Wednesday, February 26, 2014

Deciding substantial similarity on a motion to dismiss

Klauber Bros., Inc. v. Bon-Ton Stores, Inc., 2014 WL 657953, No. 13–1672 (2d Cir. Feb. 21, 2014)

Klauber appealed from the dismissal of its copyright claim against Bon-Ton.  It argued that the district court erred in finding no substantial similarity as a matter of law between the parties’ lace-waistband underwear.  The court of appeals affirmed the grant of the motion to dismiss; a district court can resolve an infringement case as a matter of law if “no reasonable jury, properly instructed, could find that the two works are substantially similar.” And where, as here, the works in question are attached to the plaintiff’s complaint, the district court may “consider the similarity between those works in connection with a motion to dismiss, because the court has before it all that is necessary in order to make such an evaluation.”


Klauber's design
Bon Ton's design

 
The court of appeals’ independent review revealed that the designs didn’t have a substantially similar aesthetic appeal. Yes, they had similar elements—curling sprigs, leaves, and flowers—placed in a similar spatial arrangement. But each element had differences, too:

For example, the sprigs in Klauber’s designs are long, winding, and delicate, while the sprigs in Bon-Ton’s design are shorter and more compact; the leaves in Klauber’s designs all have a distinctive indentations and vary in shape and size, while the leaves in Bon-Ton’s design have no indentations and are uniform in shape and size; and the flowers in Klauber’s designs are buds growing upward away from the nearest border, while the flowers in Bon-Ton’s design are blossoms growing downward towards the border.

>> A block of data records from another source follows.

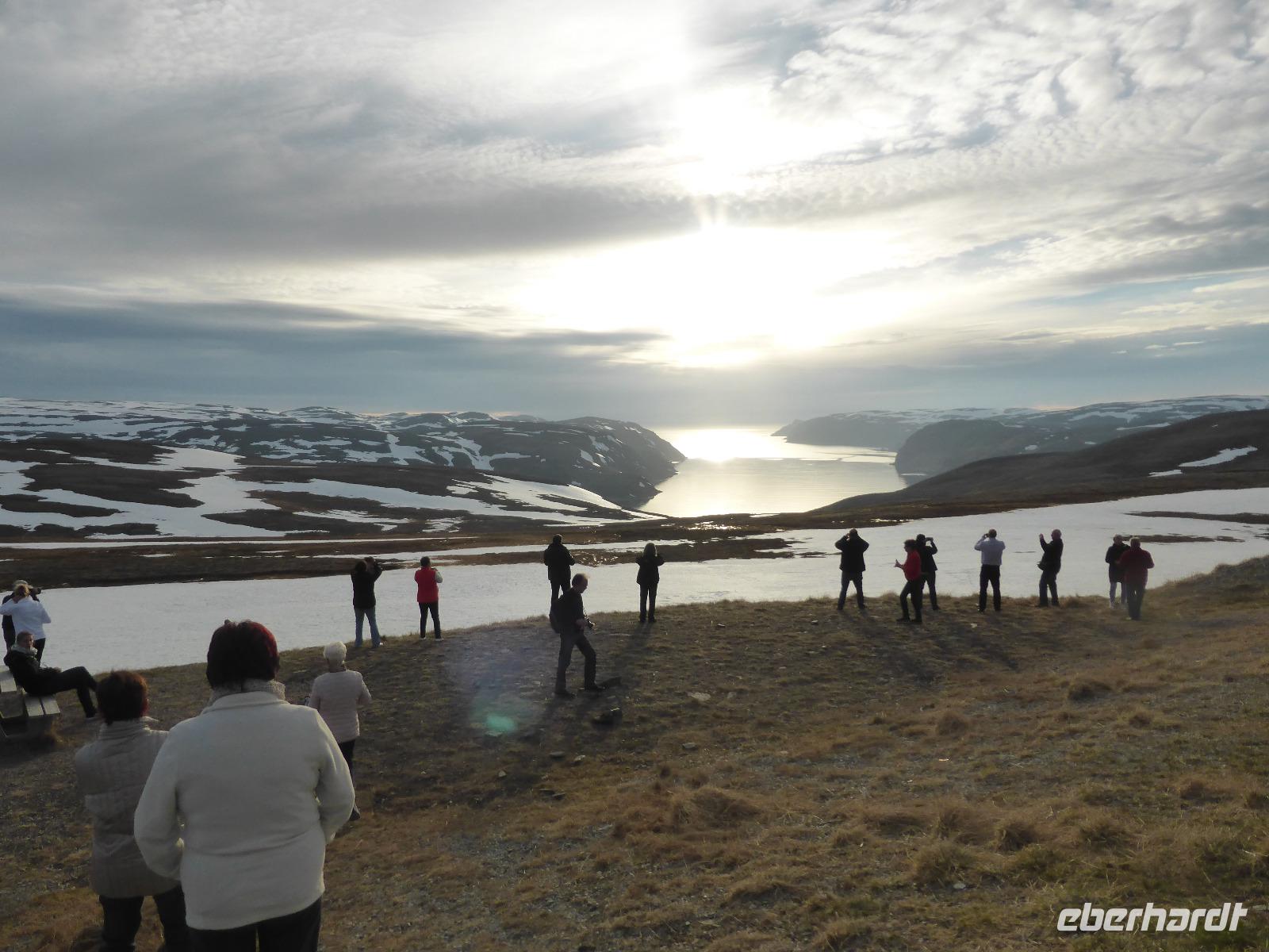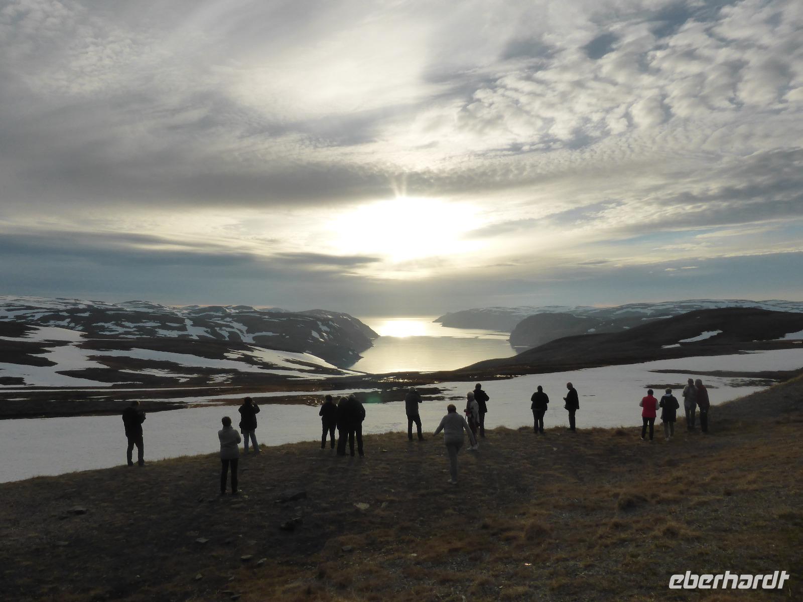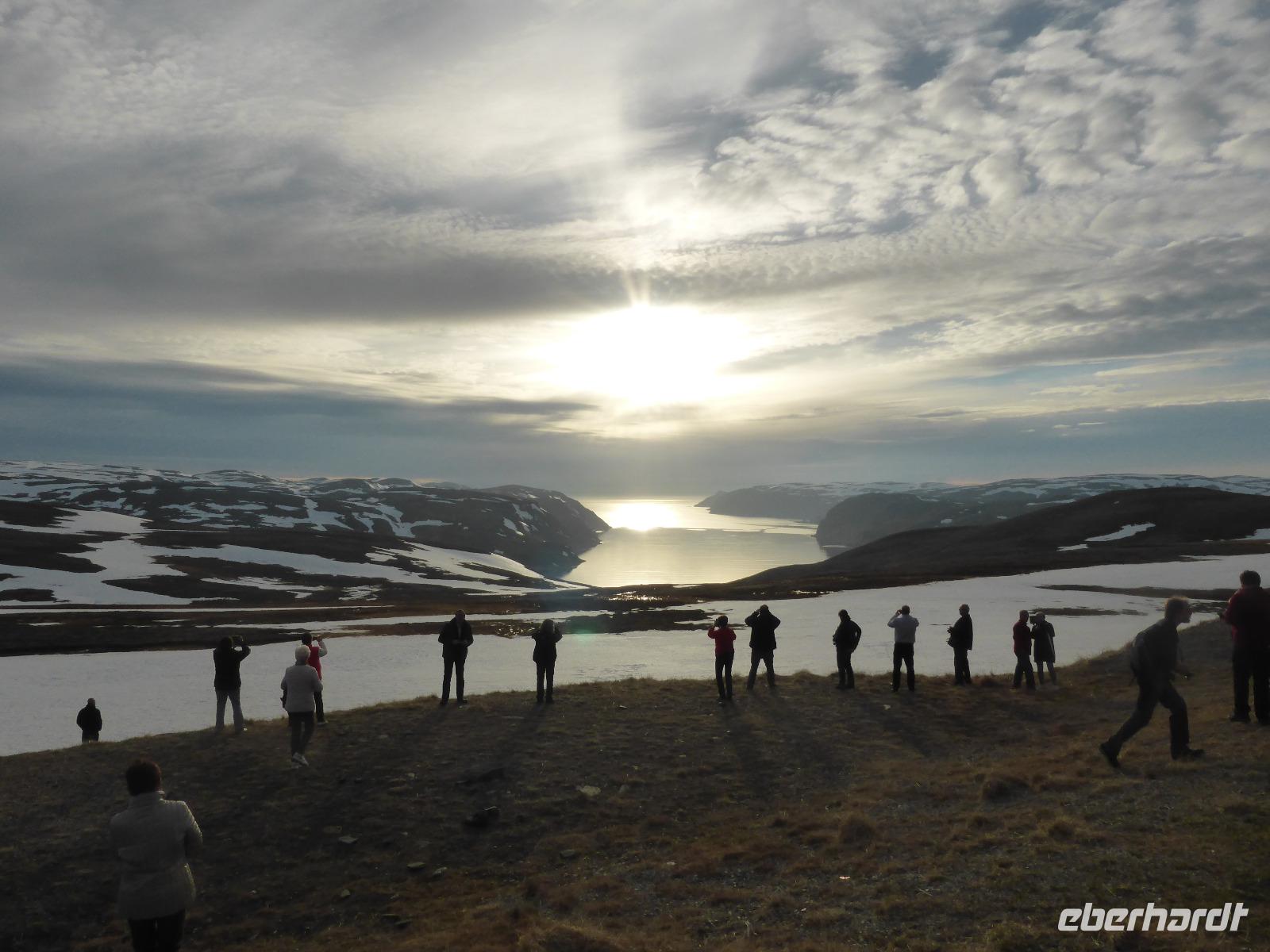 Heute war es endlich soweit - unser Ziel das Nordkapp rückte immer näher. Bei strahlend blauem Himmel setzten wir unsere Reise nach Norden fort. Nach einem kurzen Stopp am Inari See erreichten wir die Bärenhöhle. Dabei handelt es sich um einen Gletschermühle, in der der Legende nach ein Bär und ein Mensch einst zusammen Schutz gesucht hatten. Beeindruckend war der Besuch des Saiidi Museum in Inari. Das finnische Samenmuseum präsentiert das Urvolk der Samen auf eine besondere Art und Weise. Die Eismeerstrasse führte uns dann direkt an die Grenze nach Norwegen. Auf norwegischer Seite passierten wir Karasjok, dem Hauptort der norwegischen Samen. Unser erster Fjord war der Porsangerfjord. Er reicht ca. 132 km ins Landesinnere und ist flächenmäßig einer der größten Nordnorwegens. Durch das 6870 m lange Nordkaptunnel und 220 m unter dem Meeresspiegel erreichten wir die Nordkapinsel Mageroya. In Honningsvag bezogen wir das Scandic Hotel. Nach dem Abendessen chauffierte uns dann Claudia ans Nordkapp bei recht schönem Wetter. Das Wolkenspiel faszinierte uns. Bei recht gutem Wetter und angenehmen acht Grad und völlig windstill erreichten wir das Nordkapp. Die Mitternachtssonne zog uns in ihren Bann. Wir konnten die gesamte Eismeerküste überblicken und natürlich auch den 307 m hohen Nordkapfelsen.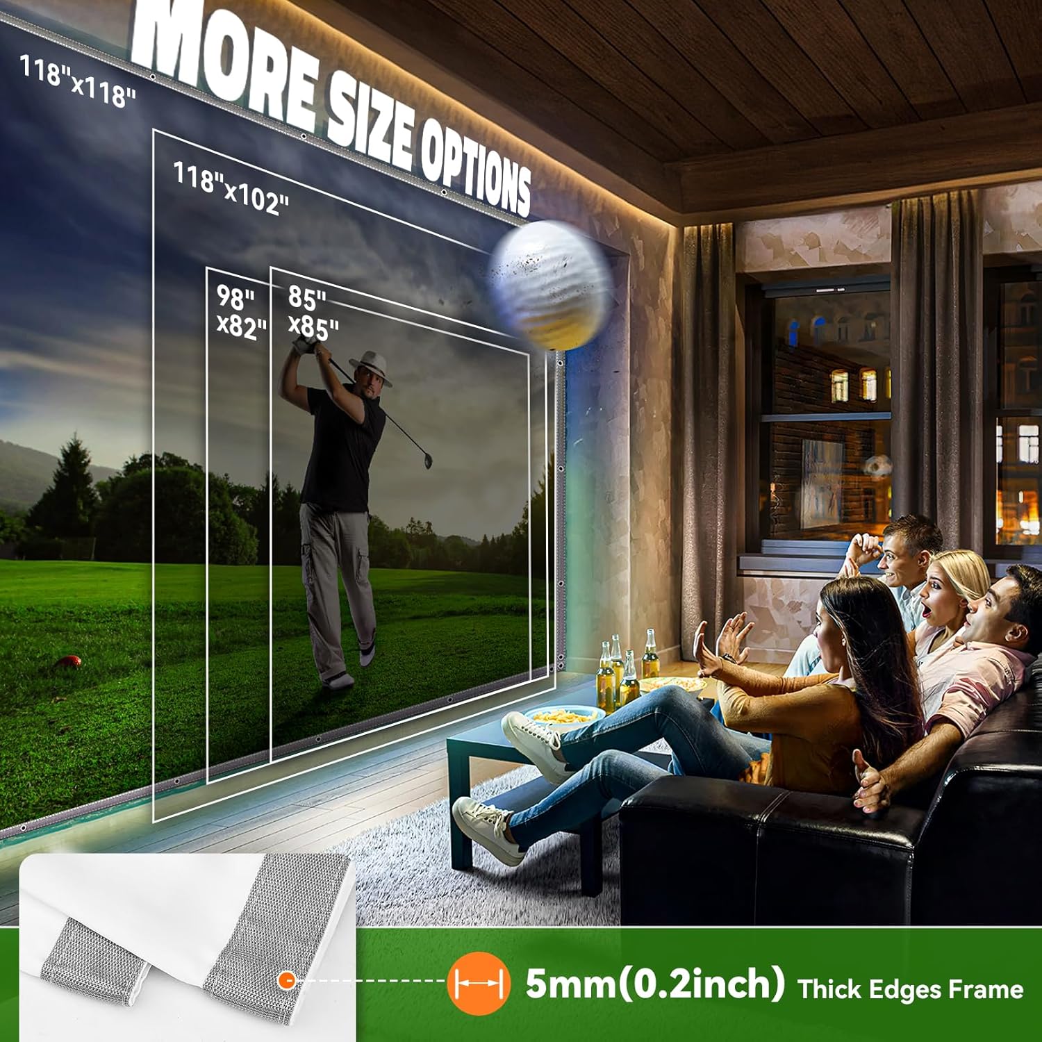 Golf Simulator Impact Screen: Ultra Clear Golf Impact Screen for Home/Indoor/Garage Swing Training – Thickened Golf Practice Net with Border Velcro and 48pcs Grommet Holes, 5 Size Options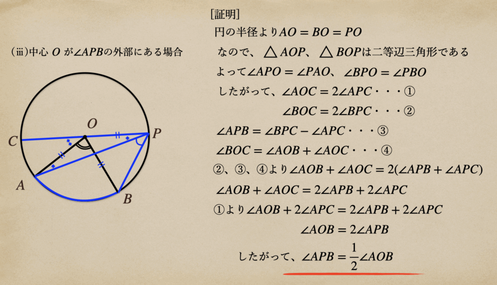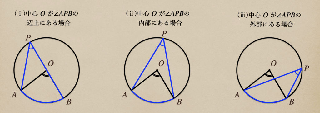 この(ⅰ)〜(ⅲ)が証明されたことで、中心角に対して円周角っていうのはどこをとっても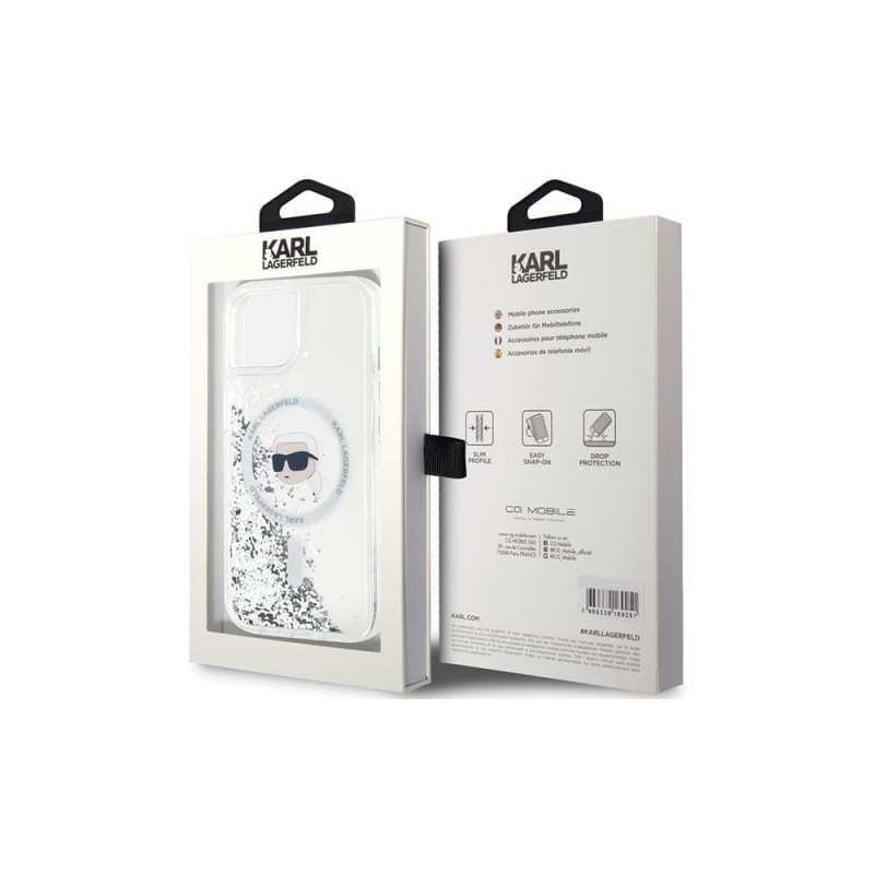 Karl Lagerfeld Liquid Glitter Karl Head MagSafe case for iPhone 15 / 14 / 13 - transparent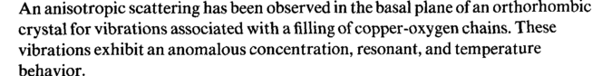 An anisotropic scattering has been observed in the basal plane of an orthorhombic crystal for vibrations associated with a filling of copper-oxygen chains. These vibrations exhibit an anomalous concentration, resonant, and temperature behavior.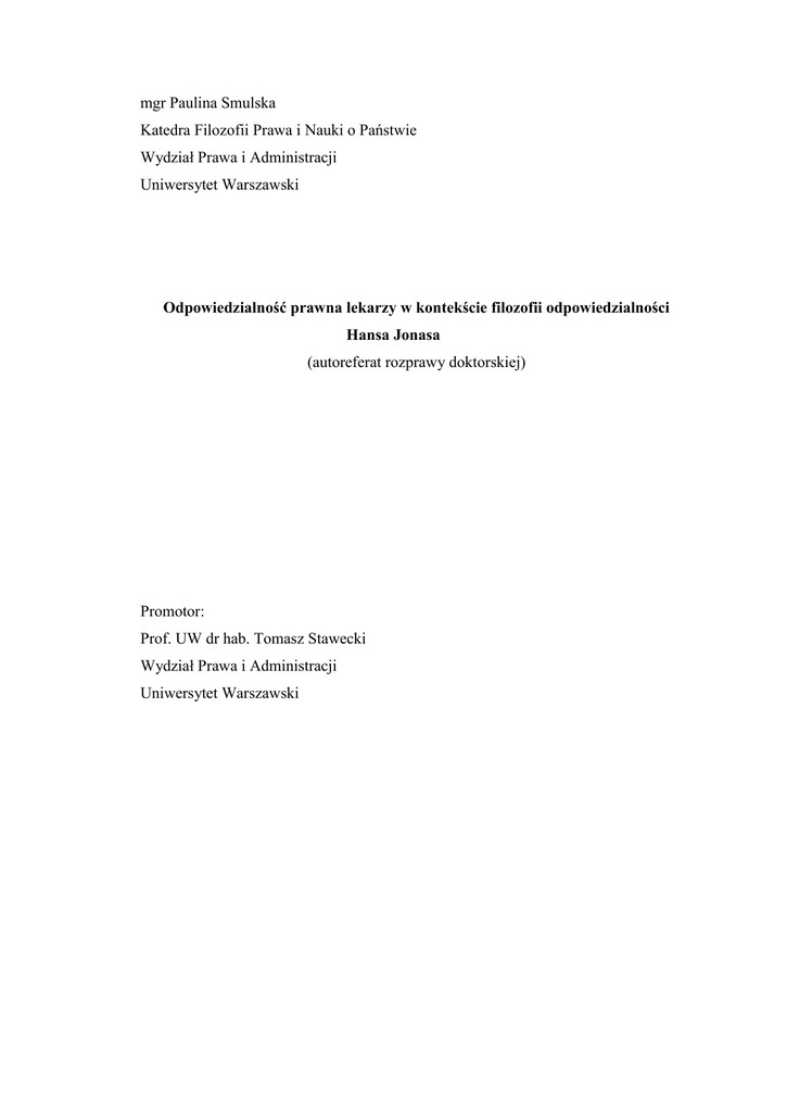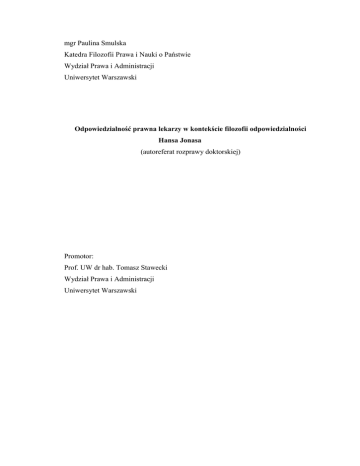 mgr Paulina Smulska Katedra Filozofii Prawa i Nauki o Państwie Wydział Prawa i Administracji Uniwersytet Warszawski Odpowiedzialność prawna lekarzy w kontekście filozofii odpowiedzialności Hansa Jonasa (autoreferat rozprawy doktorskiej) Promotor: Prof. UW dr hab. Tomasz Stawecki Wydział Prawa i Administracji Uniwersytet Warszawski Spis treści I. Wprowadzenie. Przedmiot rozprawy doktorskiej ................................................................ 3 II. Uzasadnienie wyboru filozofii Hansa Jonasa ....................................................................... 4 III. Hipotezy badawcze ................................................................................................................... 5 IV. Cele naukowe ............................................................................................................................ 6 V. Główne metody badawcze ....................................................................................................... 7 VI. Struktura rozprawy doktorskiej............................................................................................... 7 VII. Filozofia odpowiedzialności Hansa Jonasa. Uzasadnienie wyboru filozofii odpowiedzialności Hansa Jonasa ........................................................................................... 8 (1) Hans Jonas ......................................................................................................................... 8 (2) Nowy paradygmat myślenia etycznego ......................................................................... 9 (3) Różne postacie odpowiedzialności w filozofii odpowiedzialności Hansa Jonasa. 10 VIII. Odpowiedzialność prawna lekarzy. Współczesny polski paradygmat myślenia prawniczego. ........................................................................................................................... 13 IX. Nowe ujęcie odpowiedzialności prawnej in genere i odpowiedzialności prawnej lekarzy. .................................................................................................................................... 15 X. Wnioski końcowe rozprawy .................................................................................................. 16 2 I. Wprowadzenie. Przedmiot rozprawy doktorskiej Prezentowana rozprawa doktorska rozpatruje problem odpowiedzialności prawnej lekarzy w kontekście filozofii odpowiedzialności Hansa Jonasa. Podjęłam to zagadnienie nie dlatego, iż odpowiedzialność prawna lekarzy jest szczególną instytucją prawa cywilnego, karnego albo regulacji dyscyplinarnych, lecz z uwagi na to, iż dostrzeżono, że pojęcie odpowiedzialności ma ważną treść filozoficzną. W związku z powyższym oraz mając na uwadze szybki postęp nauk medycznych, niezbędne jest przeanalizowanie mechanizmu odpowiedzialności prawnej lekarzy za czynności podejmowane w ramach wykonywanego przez nich zawodu, z uwzględnieniem filozoficznej treści tej odpowiedzialności. Prezentowana rozprawa jest pracą z dziedziny filozofii prawa, która wsparta została rzetelną wiedzą o prawie obowiązującym w Polsce, ale nie odwrotnie. Dlatego niezasadne byłoby ulokowanie omawianej pracy w którejkolwiek z dogmatycznych nauk prawnych. Przedmiotem analizy w przedstawianej pracy nie są konkretne czynności (czy ich rodzaje), za które lekarz wykonujący zawód może ponosić odpowiedzialność prawną, lecz odpowiedzialność prawna lekarzy w ogólności. Nie oznacza to zignorowania charakterystyki obowiązujących w Polsce norm prawnych wyznaczających zakres, podstawy i treść odpowiedzialności prawnej lekarzy. Omówienie zakresu przedmiotowego odpowiedzialności prawnej lekarzy na gruncie trzech podstawowych postaci odpowiedzialności prawnej (tj. odpowiedzialności cywilnej, odpowiedzialności karnej oraz odpowiedzialności zawodowej) było jednak konieczne, chociażby w ograniczonym zakresie. Wynika to z faktu, iż poszczególne sytuacje, w których lekarze mogą ponosić odpowiedzialność prawną, decydują o treści odpowiedzialności prawnej przez nich ponoszonej. Co więcej, sytuacje te wskazują, w jaką kategorię dóbr prawnie chronionych, godzą poszczególne czyny lekarzy lub też jakiej kategorii dóbr prawnie chronionych odpowiedzialność prawna lekarzy dotyczy. W związku z powyższym, w ramach omówienia przedmiotowego zakresu odpowiedzialności prawnej lekarzy, wskazuję na typowe przypadki, w jakich lekarz ponosi odpowiedzialność na gruncie poszczególnych gałęzi prawa. Warto również zaznaczyć, iż dobra prawne nie pozostają bez znaczenia dla treści innych postaci odpowiedzialności lekarzy, w tym odpowiedzialności pozytywnej, o której mówi Hans Jonas. 3 Współcześnie odpowiedzialność prawna lekarzy jest obecna jako przedmiot dyskursu, zarówno w debacie publicznej, jak i w różnych środowiskach zawodowych. Dotychczas nie została jednak ona poddana głębszej analizie przez prawników, poprzez odniesienie się z jednej strony do istoty odpowiedzialności w sensie ontologicznym i zarazem do odpowiedzialności prawnej in genere jako jej postaci (jednocześnie). Z drugiej strony do lekarza jako podmiotu różnych zaktualizowanych postaci istoty fenomenu odpowiedzialności, z uwzględnieniem specyfiki zawodowej tej profesji oraz jego statusu prawnego. Prezentowana rozprawa nie jest komentarzem bieżących zdarzeń. Zakres analizy wyznaczony został przez dwa obszary badawcze, tj. wynikającej z przepisów i z orzecznictwa sądów zasady odpowiedzialności prawnej lekarzy oraz filozofię odpowiedzialności Hansa Jonasa. Filozofia Hansa Jonasa została w rozprawie potraktowana jako filozofia, która dostarcza niezwykle cennego instrumentarium do analizy odpowiedzialności prawnej lekarzy i kontekstu, który pozwala zrozumieć odpowiedzialność prawną. Filozofia ta została uzupełniona, w pewnym zakresie zinterpretowana i przez to zmodyfikowana, celem dostosowania j

“The accumulation of these differences gives Bon–Ton’s design a substantially different ‘total concept and overall feel’ than Klauber’s designs.”  Klauber’s designs were “delicate and ornate, with the dominant element being the semicircles formed by the curling sprigs,” while Bon-Ton’s design “conveys a more rudimentary and abstract feel, with the dominant element being the straight portions of the sprigs.”  No reasonable juror would regard the works’ aesthetic appeal as the same.  (Under the surface here, there are significant idea/expression issues and concepts of what the protectable “aesthetic appeal” has to be here to avoid protecting ideas.)